A Minneapolis judge has dismissed the third-degree murder charge against ex-police officer Derek Chauvin, who is accused of killing African-American man, George Floyd. Second-degree murder and manslaughter charges were upheld.
Hennepin County judge, Peter A. Cahill, stayed the dismissal of Chauvin’s third-degree murder charge for five days so that the state could appeal his ruling.
He also denied motions to dismiss the aiding and abetting charges against the three other officers, who were on the scene during Floyd’s death – Tou Thao, J. Alexander Kueng and Thomas Lane.
Chauvin was arrested in late May, several days after his attempt to detain George Floyd outside a grocery store in Minneapolis resulted in the man’s death. Videos of the incident showed the officer kneeling on Floyd’s neck for almost nine minutes.

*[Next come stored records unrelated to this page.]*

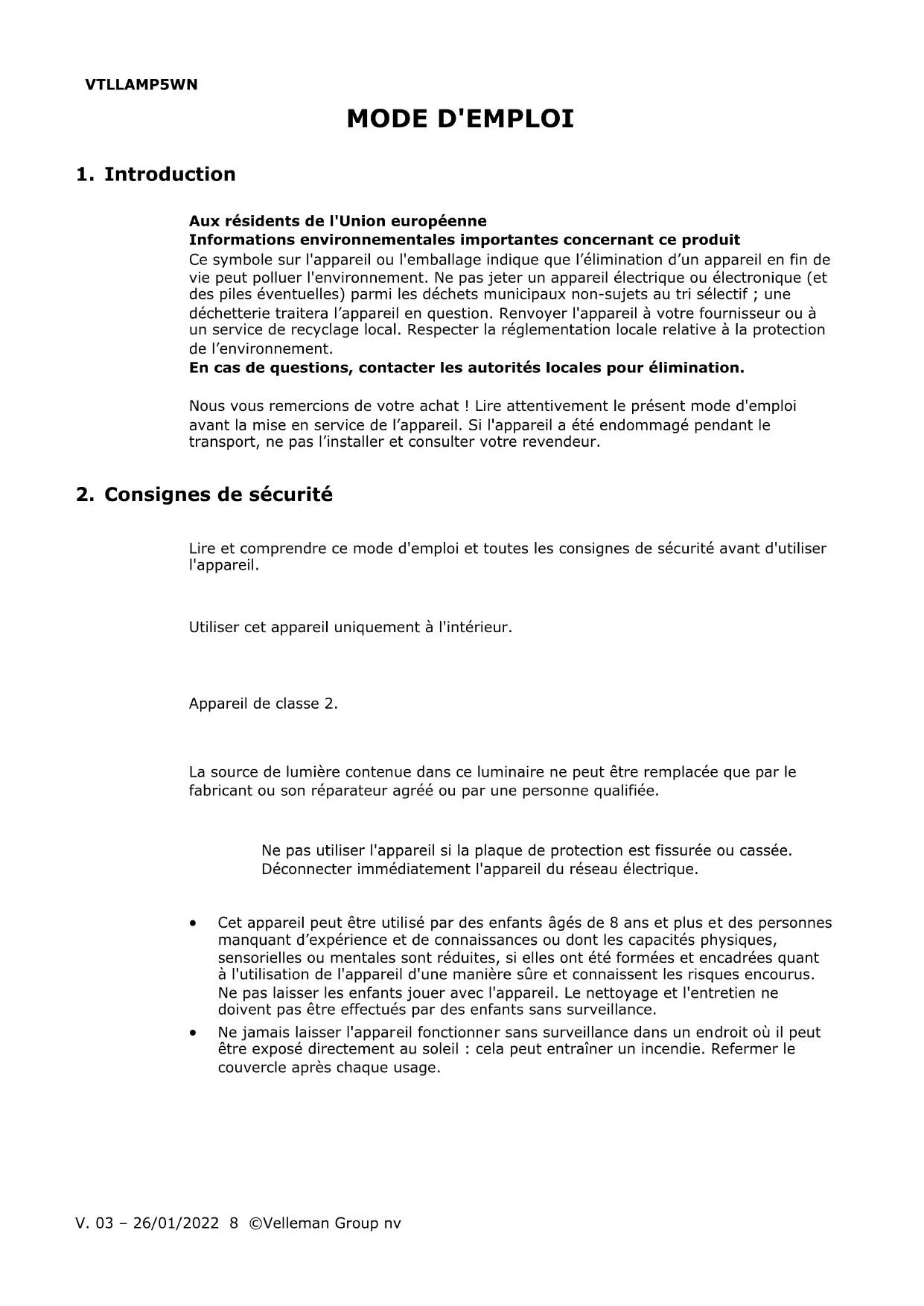 Retrouvez gratuitement la notice de l'appareil VTLLAMP5WN VELLEMAN au format PDF.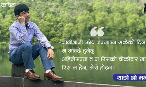 म मान्छे याङो श्रो मगर ५ आश्विन २०८०, शुक्रबार रिस आउँछ जान्छम पछुताउँछु,धिक्कार्छुसजाय हुन्छगाली झम्टिन्छ । जानीजानी अझसम्म कसैमाथि रिसाएको छैनजानीजानी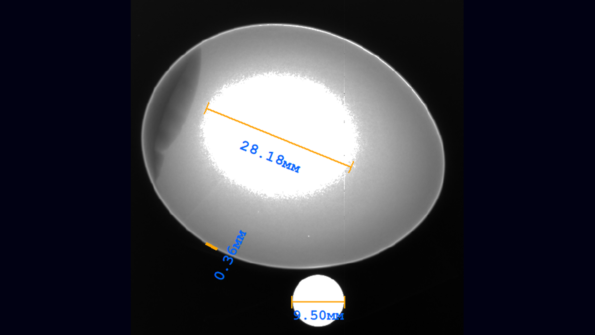 Как видно, измерить толщину скорлупы и оценить размеры желтка с использованием цифровой радиографии возможно. Толщина скорлупы составила от 0,32 до 0,4 мм.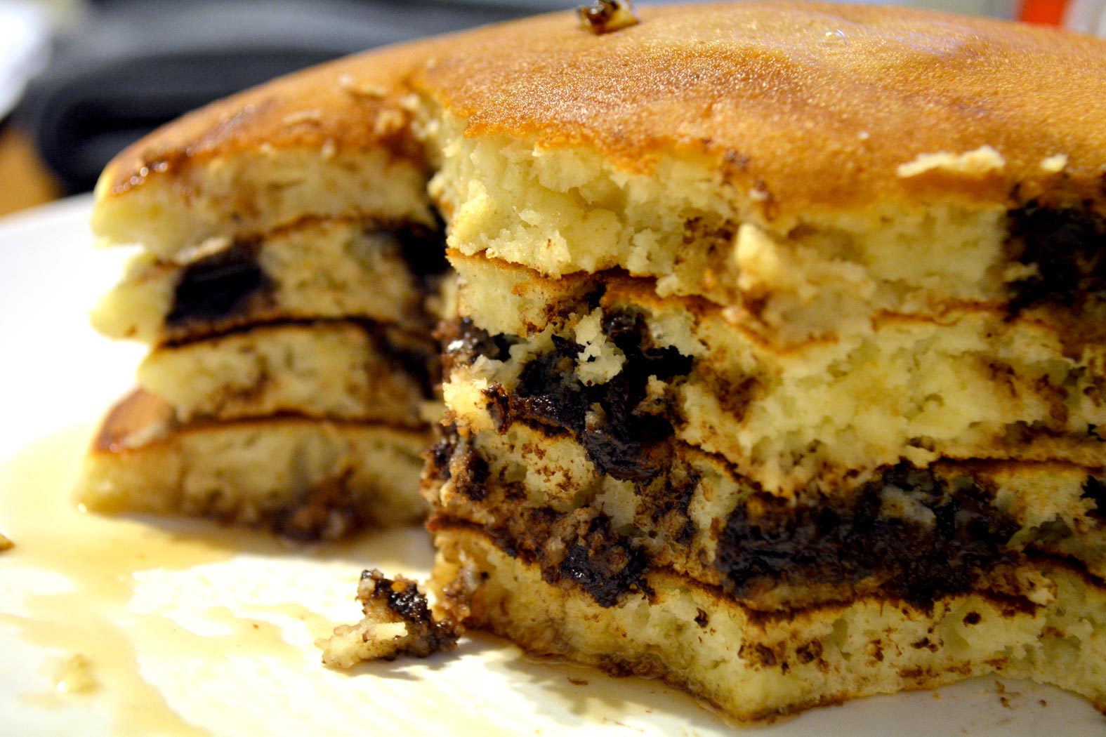 I had one banana left from the bread pudding I made last week. I used it and some dark chocolate bits to make some pancakes. I've had banana pancakes and I've had chocolate chip pancakes, but I've never had them all in one. One more reason I'll never be thin. hahaha
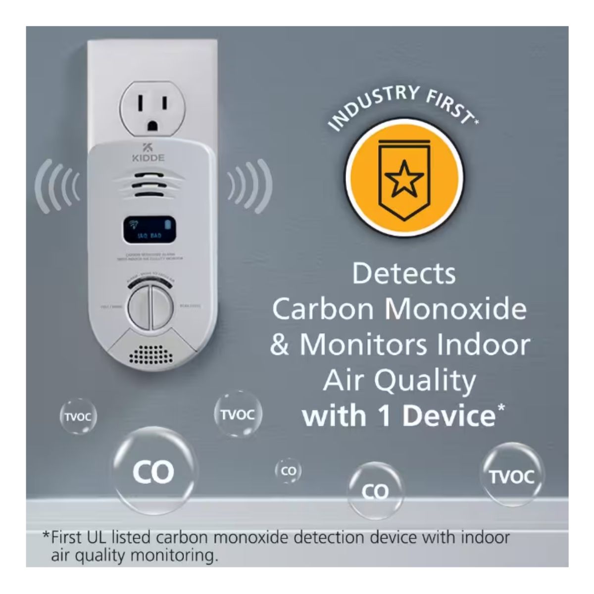 The Kidde carbon monoxide detector is designed to be easily plugged into a standard 120V AC power outlet in the US. It also comes with a lithium battery backup, ensuring uninterrupted protection in the event of a power outage. With a lifespan of 10 years, this alarm eliminates the need for battery replacements. Additionally, its digital display offers real-time updates on your home's air quality, including abnormal temperature levels, excessive humidity that may cause mold growth, and Total Volatile Organic Compounds (TVOC) presence.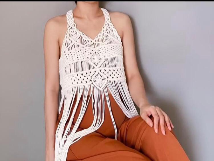 لباس سفید مکرومه با طراحی دستباف، سبک و کاربردی .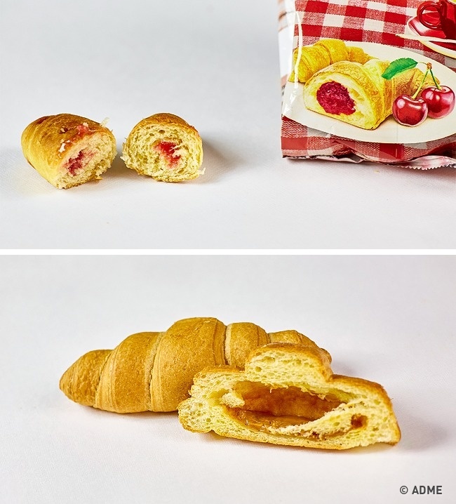 Різні кондитерські вироби з начинкою, такі як круасани або булочки, наповнюються начинкою лише наполовину, а то і зовсім по краях шляхом уприскування. Зрозуміло, виробники роблять це з метою економії. А покупець, сподіваючись отримати багато смачної начинки, як зображено на упаковці, залишається практично ні з чим.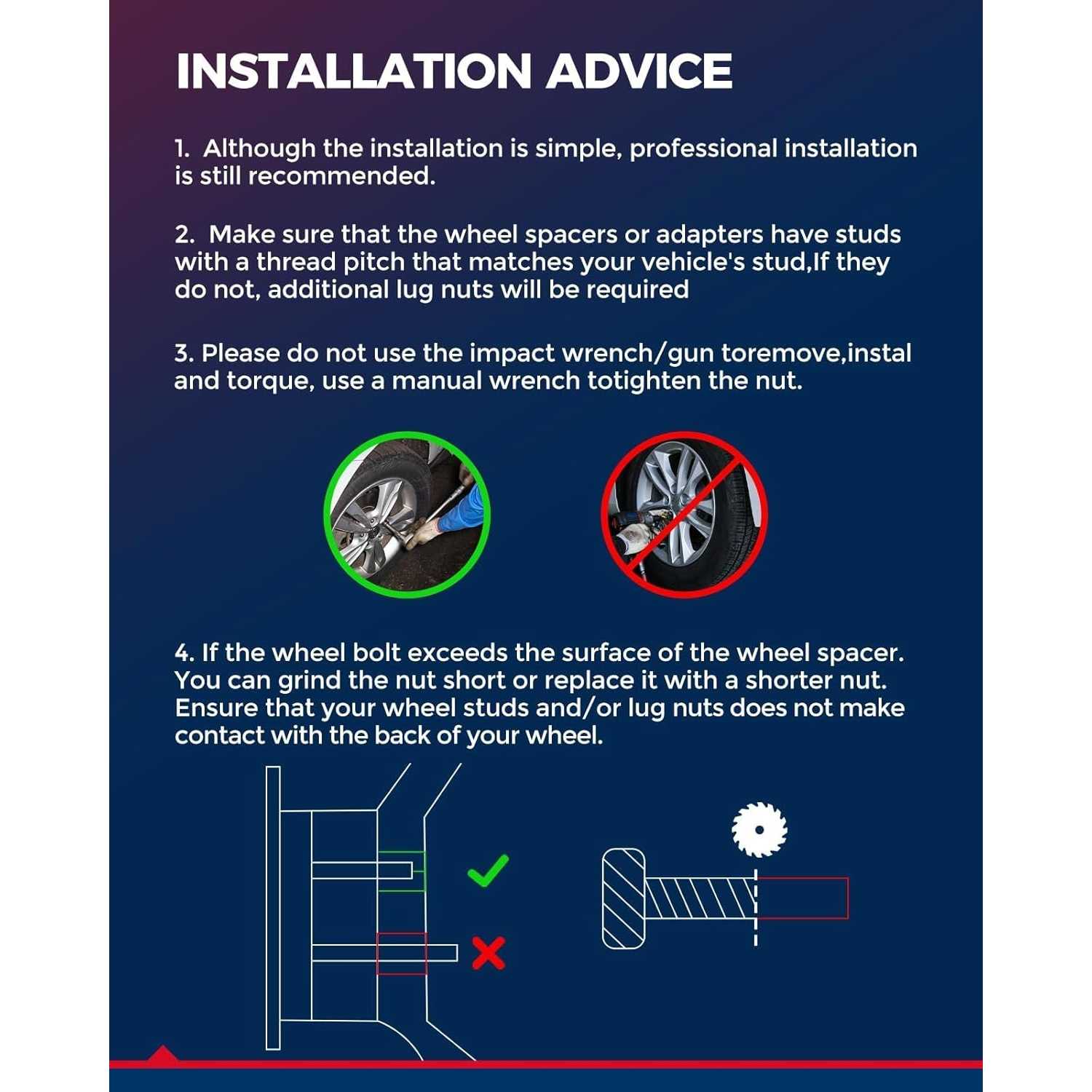 Warm Reminder :Even if a vehicle is listed as being compatible, buyers still need to check: 1) Wheel studs areM14x1.5 threads; 2) You have more than 2 inch of space between your fender and your wheel/tire; 3) Your factory wheel studs are shorter than 2 inch (NOTE: * When installing a bolt on wheel spacer or adapter, trimming the studs will be necessary when the spacer or adapter plate is thinner than your wheel studs are long.)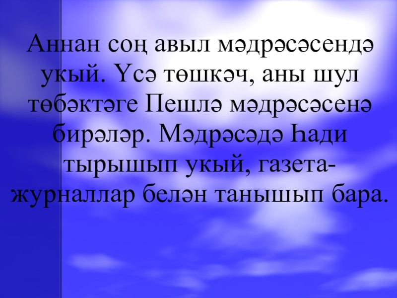 Слайд 5Аннан соң авыл мәдрәсәсендә укый. Үсә төшкәч, аны шул төбәктәге Пешлә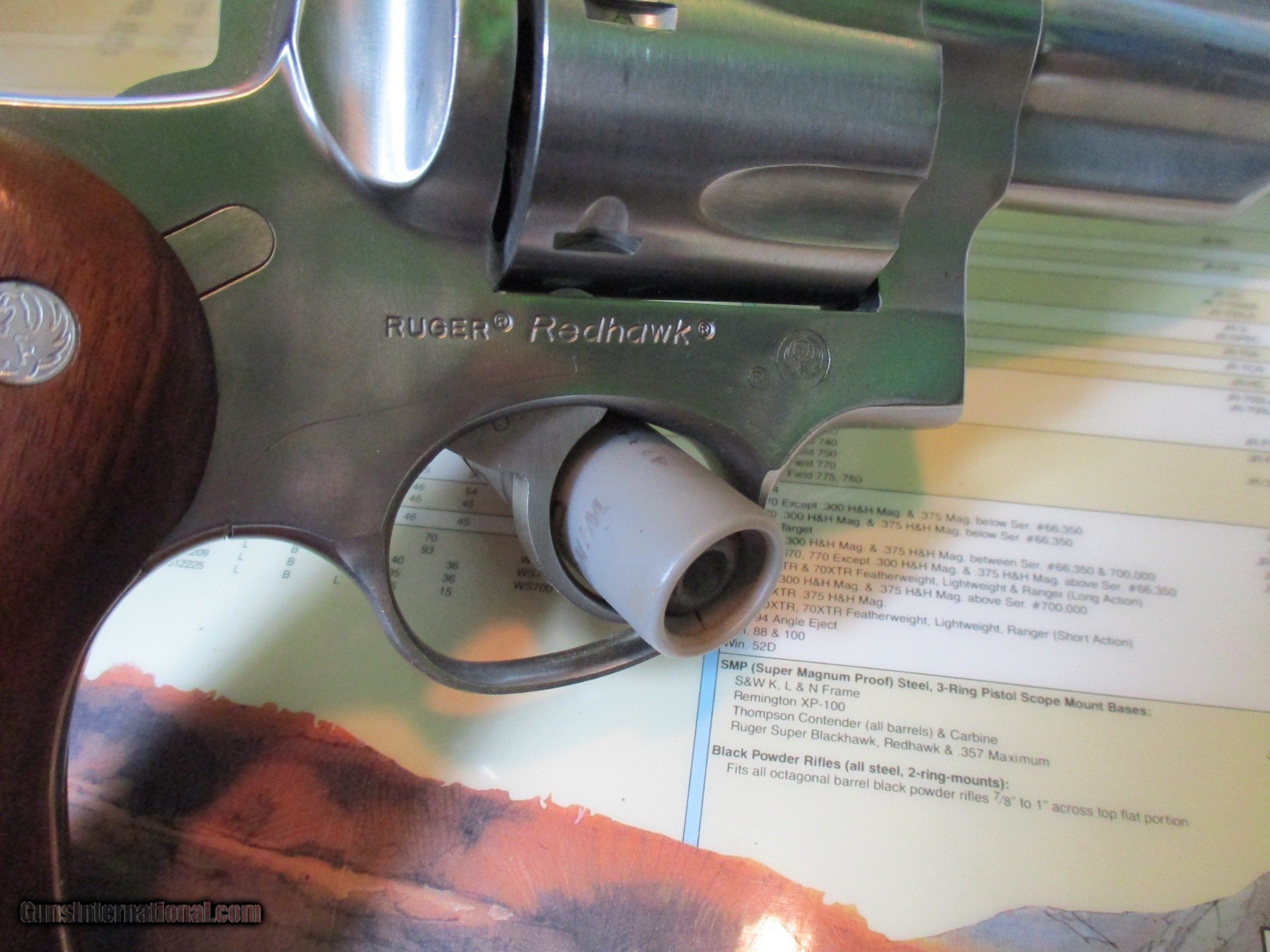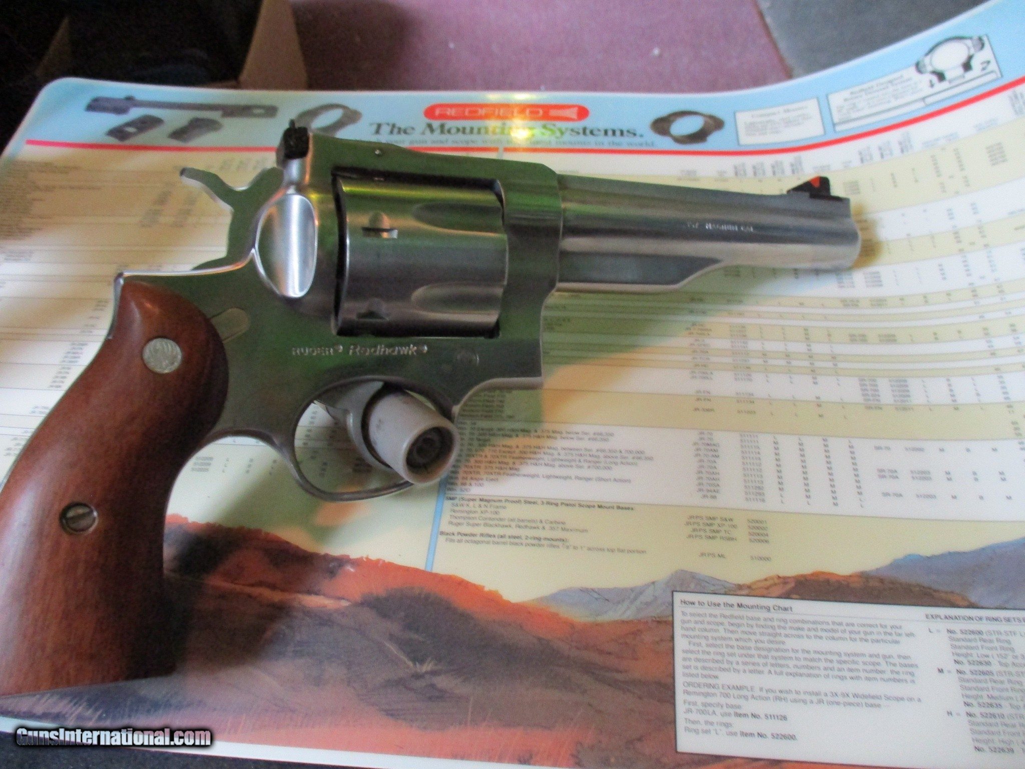 Description: Ruger Redhawk 357 Mag S.S. with 5.5 in. barrel in very good condition no box original grips light drag mark on cylinder early 6 shot model hard to find in 357 Mag. 501 prefix serial number shipping is $50.00 would consider trade of Ruger Blackhawk in 327 Mag. or 32-20 32 H&R Mag 2 cyl. model or 38-40 & 10 MM 2 cyl model or a super blackhawk in 480 Ruger or Ruger Redhawk in 480 Ruger or maybe TC G2 Pistol 204 Ruger or some other caliber this Redhawk was made from 1979 thru 1985 whenit was discontinued not many were made in 357 S.S. i belive mast were blued model and 7.5 in. barrels I need FFL from your dealer to ship to contact me for my email or mailing address SOLD Handgun Caliber: .357 Magnum Manufacturer: Ruger Model: Redhawk Serial Number: 501-13425 Barrel Length: 5.5 in. Chambers: excellent Condition: excellent Metal Condition: excellent Wood Condition: excellent Bore Condition: excellent Action: DA/SA |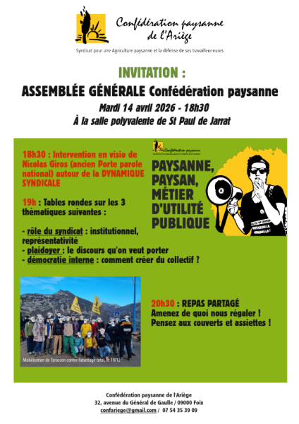 Invitation AG de la Confédération Paysanne de l'Ariège le 14 avril à St Paul de Jarrat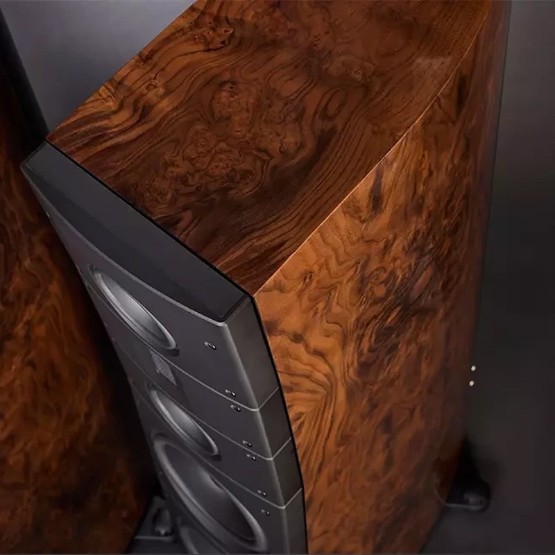 Каждая поверхность проходит восемь этапов прецизионной шлифовки, а затем шестнадцать слоев глянцевого лака, создавая зеркальную отделку, настолько безупречную, что ее можно было бы использовать как скандинавский каток. Каждая панель из шпона имеет уникальный серийный номер, что гарантирует, что ваши левая и правая колонки идеально сочетаются друг с другом и являются такими же эксклюзивными, как список гостей длинного дома Viking.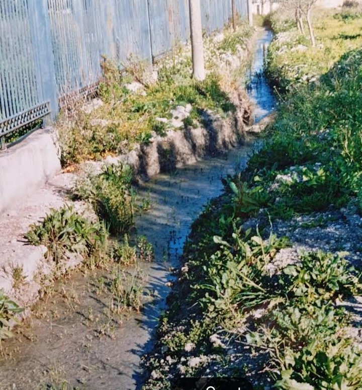 Con il rifacimento del muro a secco della Villa Genna, venne collocato alla base di questo un cordolo cementizio che tuttora impedisce il deflusso verso il mare. Nelle stagioni con abbondante piovosità si crearono allagamenti della Villa ( foto 3)senza aver previsto alcun canale che convogliasse le acque verso il mare. L'emergenza allora suggerì di realizzare un canale a cielo aperto alla base della recinzione della Villa con la proprietà Piazza. Solo nei primi due anni il sistema resse e si dimostrò funzionale ( Foto 4). Poi, per assoluta mancanza di manutenzione, si lasciò crescere nell'alveo del canale tutta una serie di vegetazione con arbusti, palme, erbe varie e relativo fogliame mai rimosso, che adesso provoca perdurante ristagno delle acque con notevoli danni alle colture e condizioni di eccessiva umidità del suolo che infirma le strutture degli immobili esistenti (foto 5).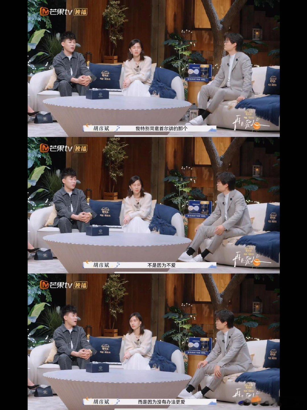 胡彦斌回应再见爱人嘴替 胡彦斌在节目里真的太会总结了,能把剪不断理还乱的纠葛一句话概括。他这种化繁为简的能力真的太强了,每次听他发言都觉得茅塞顿开!

The footage provoked month of ‘Black Lives matter’ protests in Minneapolis and elsewhere across the country, some of which erupted in violence and escalated into riots.
Chauvin, who was swiftly sacked from the police, was charged with third-degree murder and manslaughter, which was later upgraded to second-degree murder. He had been held in solitary and under maximum security at the Oak Park Heights prison before being released on $1 million bond earlier this month.
The judge sustaining “the most serious charges” against the four defendants was “an important, positive step forward in the path toward justice for George Floyd, his family, our community, and Minnesota,” Attorney General Keith Ellison said in response to Thursday’s ruling.
“We look forward to presenting the prosecution’s case to a jury in Hennepin County,” Ellison added. The trails in the case of Floyd’s death are scheduled to resume in March.